The baby was fine. Not only had all the doctors said so, but as a nurse, Lynn would know if something was wrong with her infant daughter. Kara had a healthy appetite. Slept well. And, as her father had just pointed out, didn’t cry much at all.
She was fine. Kara was fine. Which, in her mind, only left one other possibility. “There’s another woman.” While she’d been fat and pregnant, and uncomfortable and unable to have sex, he’d met someone else....

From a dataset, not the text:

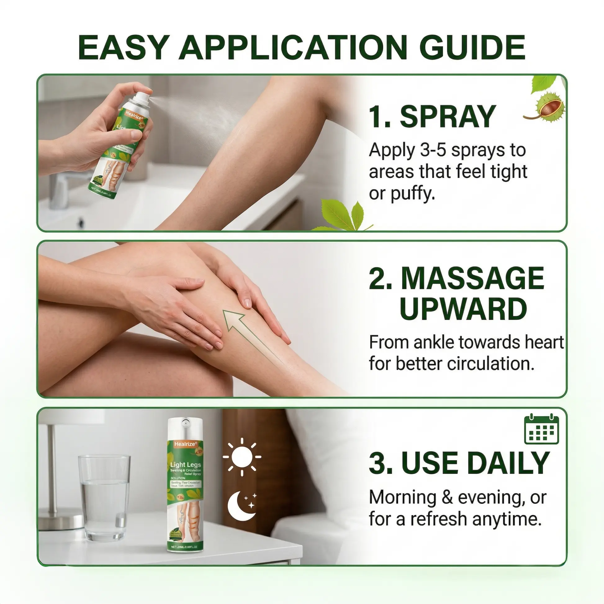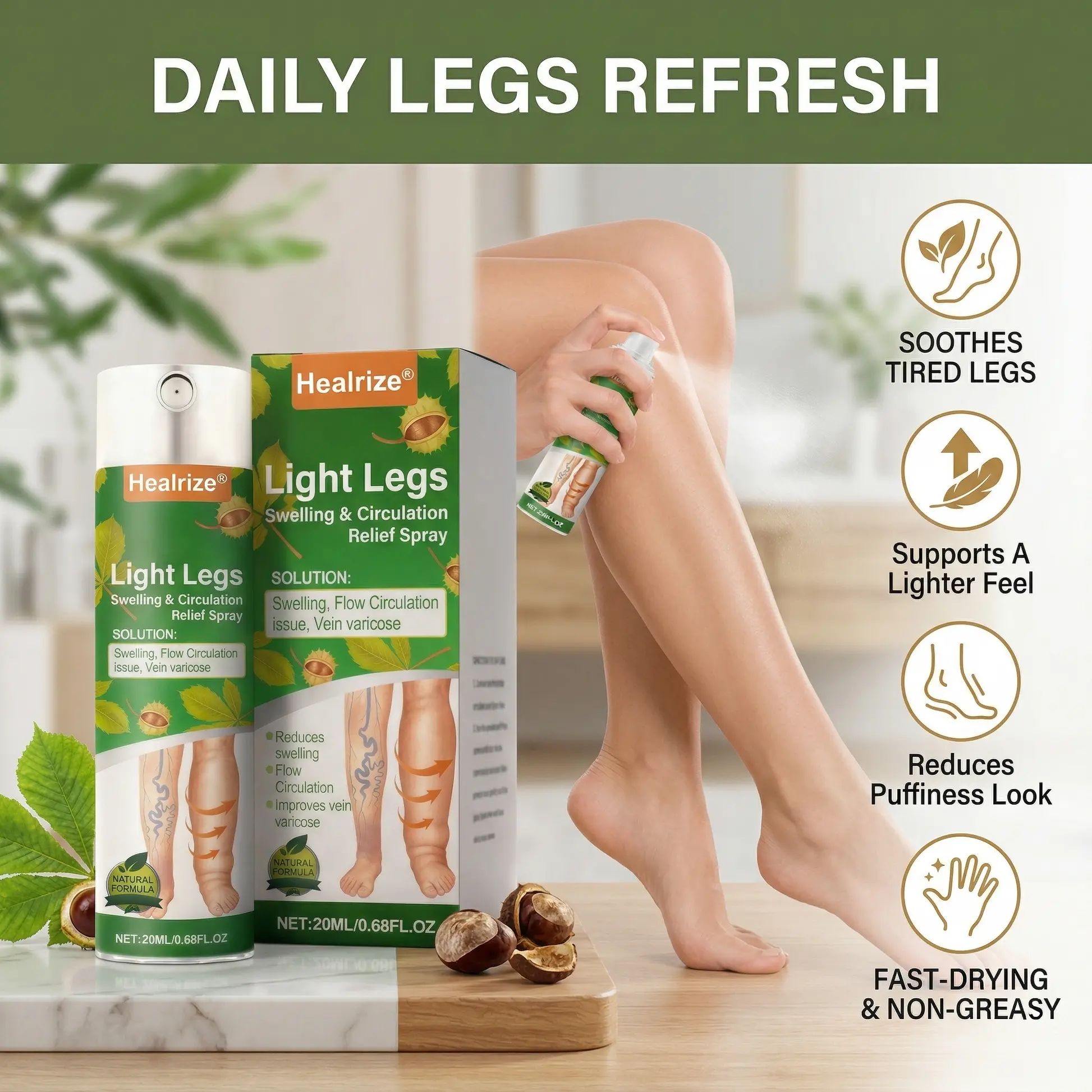 Healrize® Light Legs Swelling & Circulation Relief Spray was built around one goal: give your legs a daily reset that feels fast, light, and easy enough to actually stick with.

“No! Whatever else happens, Lynnie, you always have been and always will be the only woman I ever wanted or had sex with.”
There was no mistaking the truth in those words. They spoke straight to her heart. Breathing a little easier, Lynn reached for his hand again. “Just tell me, hon.” They were a team. Partners. For better or worse. “Things always seem worse until you get them out.”
His family was close by. And hers had visited twice since the baby’s birth. They’d help with whatever the problem was.
Maybe that was it. Maybe he was tired of both sets of parents camping out on their doorstep now that Kara was there.